Ballad, I send thee forth upon Love’s trace,
     For thou must him before my Lady bring,
     So that of my excuse, which thou dost sing,
     My Lord may then with her speak face to face.
Such courteous aspect, Ballad, thou dost show,
     That all alone, indeed,
     Thou oughtest not in any place to fear;
     But if securely thou dost wish to go,
     First to find Love is need,
     For ill it were without Him to appear;
     Seeing that she who ought thy words to hear,
     If she be angry, as I think, with me,
     And thou with Him companioned should not be,
     Might lightly make thee fall into disgrace.
With dulcet sound, when with Him thou mayst be,
     Begin with words like these,
     First begging her that she would pity take: —
     ”Lady, he who to you now sendeth me
     Wills, when to you it please,
     That his excuse you deign to hear me make.
     Love is that one who, for thy beauty’s sake,
     Makes him, as He doth will, his looks to change;
     Then why He made his eyes on others range.
     Think you, since in his heart no change hath place.”
21 Tell her: “O Lady, this his heart is stayed
     With faith so firmly just,
     Save to serve you, it hath no other care.
     Early ’t was yours, and never hath it strayed.”
     But if she thee distrust,
     Say, “Ask of Love, who will the truth declare.”
     And at the end, beg her, with humble prayer,
     That if it trouble her to pardon give,
     She then should bid that I no longer live,
     Nor shall she see her servant sue for grace.
And say to Him who is compassion’s key,
     Ere from her thou depart,
     That He may tell her of my reason fair, —
     “Through favor unto my sweet melody,
     Stay with her where thou art,
     And of thy servant, what thou wilt, declare,
     And if she grant forgiveness through thy prayer,
     Make peace on her fair countenance to shine.”
     When it may please thee, gentle Ballad mine,
     Honor to win, go forth upon thy race.
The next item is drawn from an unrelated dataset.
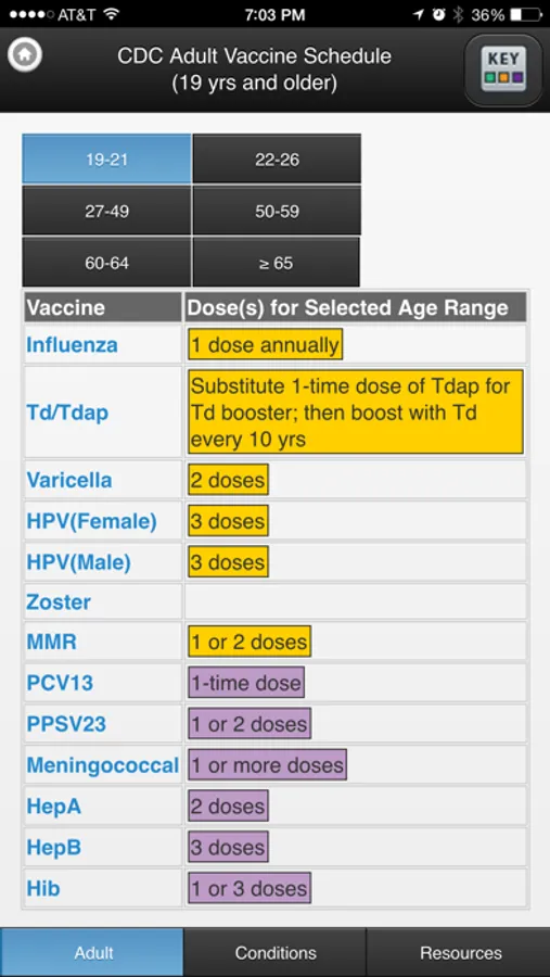 - Adult schedule, listing recommended vaccines for adults by age group and by medical conditions

This ballad is divided into three parts. In the first, I tell it whither it is to go, and encourage it that it may go the more assured; and I tell whose company it is to seek, if it wishes to go securely, and without any danger. In the second, I tell that which it is beholden to make known. In the third, I give it leave to go when it will, commending its going to the arms of fortune. The second part begins, “With dulcet sound;” the third, “When it may please thee.” Some 22 man may object against me and say, that he understands not to whom my speech in the second part is addressed, since the ballad is naught else but these words which I am speaking; and therefore I say that I intend to solve and clear up this doubt in this little book, even in a more difficult passage; and then he who may here be in doubt, or who may choose to object after that fashion, will understand.